アトピーの予防、改善は住まいから
アトピー性皮膚炎は本来乳幼児がかかる皮膚疾患で、成人する頃には殆ど治るとされてきました。しかし現代では症状が長期化し、成人してから発症するケースも珍しくはありません。
発症数も年々増加していて、現在20歳以下の10人に1人がアトピー性皮膚炎であると推測されています。
今やアトピーは現代社会を代表する疾患となっています。しかし、発症と思われる原因は非常に多く、人によって様々です。
このコラムではアトピーと「衣食住」の「住」を中心に、予防と改善をテーマにご紹介していきたいと思います。
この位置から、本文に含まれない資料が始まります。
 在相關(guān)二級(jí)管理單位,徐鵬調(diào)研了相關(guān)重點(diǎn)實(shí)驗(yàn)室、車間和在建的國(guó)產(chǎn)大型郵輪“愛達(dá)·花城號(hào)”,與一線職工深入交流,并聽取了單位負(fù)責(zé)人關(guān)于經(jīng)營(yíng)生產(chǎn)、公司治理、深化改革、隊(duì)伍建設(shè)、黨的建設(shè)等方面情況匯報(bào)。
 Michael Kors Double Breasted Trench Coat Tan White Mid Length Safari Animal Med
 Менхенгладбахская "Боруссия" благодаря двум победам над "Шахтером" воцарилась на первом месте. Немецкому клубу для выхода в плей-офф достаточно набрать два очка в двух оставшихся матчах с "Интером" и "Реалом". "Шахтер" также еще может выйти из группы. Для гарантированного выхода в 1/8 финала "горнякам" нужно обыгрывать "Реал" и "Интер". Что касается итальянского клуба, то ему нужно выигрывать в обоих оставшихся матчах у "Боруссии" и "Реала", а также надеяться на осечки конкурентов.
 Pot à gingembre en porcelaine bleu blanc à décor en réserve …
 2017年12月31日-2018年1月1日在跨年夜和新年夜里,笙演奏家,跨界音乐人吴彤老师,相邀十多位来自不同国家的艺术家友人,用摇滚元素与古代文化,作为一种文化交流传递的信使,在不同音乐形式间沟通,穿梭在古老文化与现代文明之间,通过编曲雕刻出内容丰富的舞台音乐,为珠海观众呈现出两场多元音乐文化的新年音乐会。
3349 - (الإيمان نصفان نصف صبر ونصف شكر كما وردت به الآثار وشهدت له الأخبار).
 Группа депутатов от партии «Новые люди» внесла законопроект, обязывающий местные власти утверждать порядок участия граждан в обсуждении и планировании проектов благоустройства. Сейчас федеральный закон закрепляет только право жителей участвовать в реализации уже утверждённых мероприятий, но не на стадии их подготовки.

まず、アトピーはアトピー素因という遺伝子を持った人に発症します。これだけを聞くと「自分は大丈夫かな?」と思ってしまいそうですが、皮膚以外に発症すると気管支ぜんそくやアレルギー性鼻炎、花粉症となります。
日本人の30%がアトピー素因を持っているそうです。いかにして発症を予防するか、発症してしまったらどう改善していくのかが重要になります。
アトピーは明治時代には無かったそうです。アトピーが発現し、近年急増していった原因のひとつに化学物質の使用が挙げられます。今回のテーマはその化学物質と住宅の関連性です。
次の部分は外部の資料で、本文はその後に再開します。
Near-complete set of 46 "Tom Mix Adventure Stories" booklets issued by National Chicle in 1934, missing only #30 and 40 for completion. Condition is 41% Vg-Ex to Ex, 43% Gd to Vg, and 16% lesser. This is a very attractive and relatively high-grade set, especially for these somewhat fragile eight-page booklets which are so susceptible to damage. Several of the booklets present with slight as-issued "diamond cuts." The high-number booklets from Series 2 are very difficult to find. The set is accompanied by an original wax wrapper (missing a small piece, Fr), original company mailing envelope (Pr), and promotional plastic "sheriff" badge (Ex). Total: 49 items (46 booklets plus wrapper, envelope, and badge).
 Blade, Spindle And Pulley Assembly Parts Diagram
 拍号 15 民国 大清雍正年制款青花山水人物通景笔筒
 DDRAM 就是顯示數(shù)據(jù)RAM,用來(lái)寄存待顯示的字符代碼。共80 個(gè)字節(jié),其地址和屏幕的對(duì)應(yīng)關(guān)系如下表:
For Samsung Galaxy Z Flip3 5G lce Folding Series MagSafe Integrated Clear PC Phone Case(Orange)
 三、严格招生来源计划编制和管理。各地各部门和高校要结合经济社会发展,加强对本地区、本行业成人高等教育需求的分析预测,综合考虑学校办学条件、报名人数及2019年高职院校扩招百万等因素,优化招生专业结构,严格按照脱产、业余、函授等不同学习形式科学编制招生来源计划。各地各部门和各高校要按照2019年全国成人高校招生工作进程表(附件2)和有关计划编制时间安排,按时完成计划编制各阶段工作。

皆さんは「シックハウス症候群」はご存知でしょうか? 板を強力な接着剤で貼り合わせた、集成材という材料で家屋や家具を造ったり、化学物質が含まれている塗料や防腐剤を使用する事によって体に悪影響を及ぼす病気です。
その代表格、ホルムアルデヒドが空気中に拡散すると目や喉の違和感から始まり、様々な症状が表れます。
アトピー性皮膚炎の方も大きな影響を受けます。家具売り場を通りがかっただけで顔が赤くなったり、モデルハウスを見学した際に子供さんが体を掻きむしったりと、体を休める場所である住宅がこれでは本末顛倒です。
現在アトピーでは無くとも、化学物質が多く含まれる住宅に住み続ければどうなるのかは、想像に難しくありません。何らかのアレルギー物質の蓄積が、アトピーを含むアレルギー疾患の元になっているのですから。
化学物質は多くの恩恵を人類にもたらした一方で有害性も指摘されています。物が溢れ、限りなく選択肢が増えた現代。私達は様々な事を学ぶ必要があるのではないでしょうか。